Ultimately, even with their support, I was the only one who could decide how, when, and if I was dealing with my issues.

It’s pretty common for people to talk about self-acceptance and self-love, and these things are great! The dialogue about body positivity paired with doing what is healthy for you (not everyone’s bodies are the same or need the same things) is so incredibly important, and I cannot express how proud I am of all of the brave people who are championing these ideas and lifestyles.

Yet, there is this intersection of mental health and what we can broadly term ‘body image/bodily health issues’ that is not as comfortably delved into beyond the standard catalog of ‘eating disorders’.

This intersection forms a chasm in our dialogue where things like BDD, Trichotillomania, excoriation disorder, and similar disorders remain quietly taboo.

The duress I felt while planning my wedding and the hatred I experienced for the flaws I fixated on in my appearance made life difficult for me. I started to reach out to other people. I realized that when I shared my experiences with other sufferers it not only helped me to understand what I was going through, but it also helped them make sense of their own experiences. At the same time, reaching out to people brought on the intense realization that quite a few people were completely unaware of BDD, and were having trouble understanding what I was talking about. The inability to be understood made me feel ashamed.

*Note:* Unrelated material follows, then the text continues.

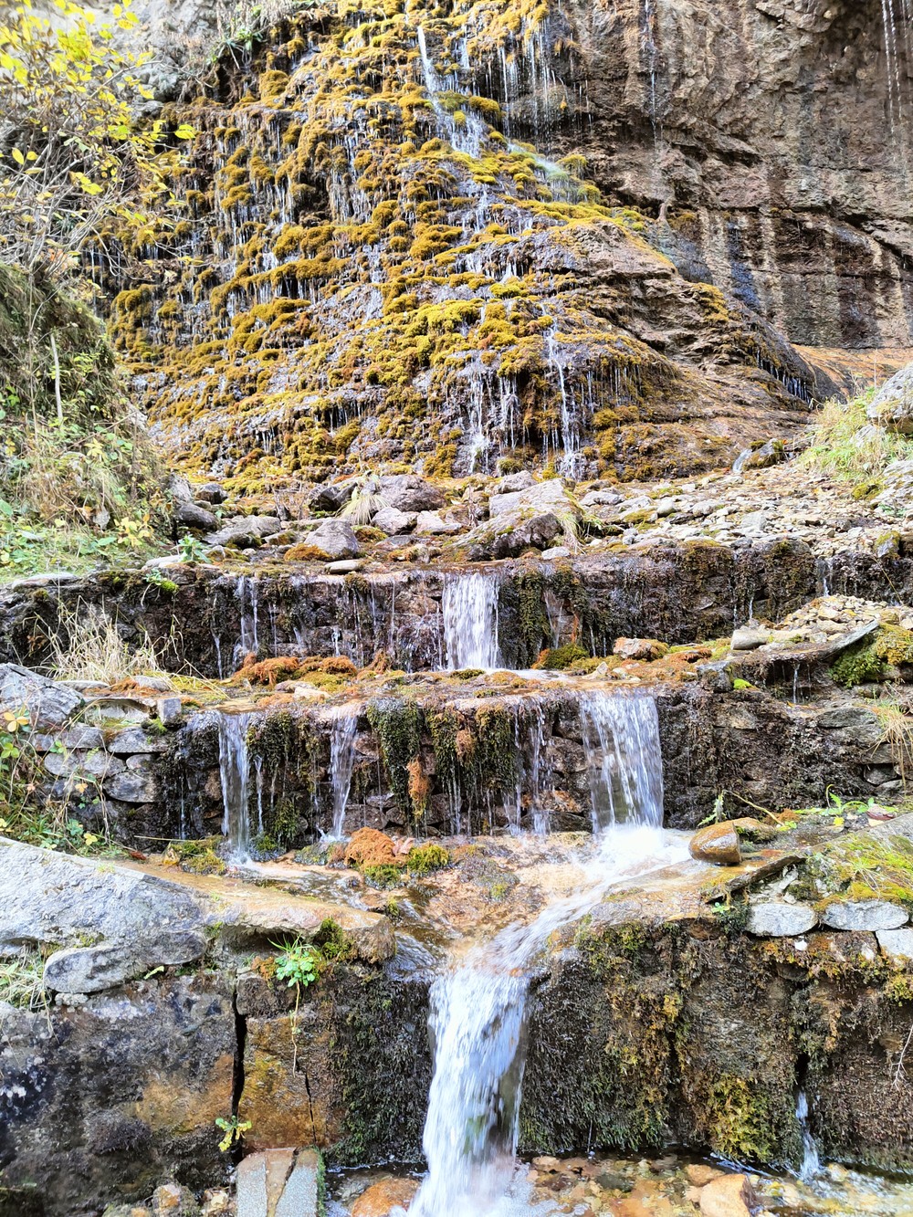Такое название он получил благодаря пушистому мху, по которому стекают ручейки водопада. Подножье выложено ступеньками — по ним вы сможете подняться. А ещё здесь непременно стоит отведать безупречно чистую воду — она вытекает прямо из скалы.

Let’s talk about it, please. Any chance we have of reducing shame and increasing awareness is worthwhile. I may not be at all qualified, all I can really speak about are my own experiences, but I don’t think that silence is helping. If you have BDD or are experiencing anything similar, or even if you are just trying to understand challenges like these, please start dialogues, and not just on mental health blogs or body image forums- make these dialogues mainstream, talk about it with your friends over coffee, mention something at a cocktail party in mixed company.

I have to believe that people living with issues like these, undetected to the untrained eye, can find ways to be comfortable sharing their stories and accessing resources. Of course, starting dialogues isn’t always easy, and maybe it’s just not something certain people can begin to consider right now, so mostly I just need to encourage everyone to remember that many people around you are dealing with far more than you realize. Please be sensitive to those around you, be good to yourselves, and be good to one another.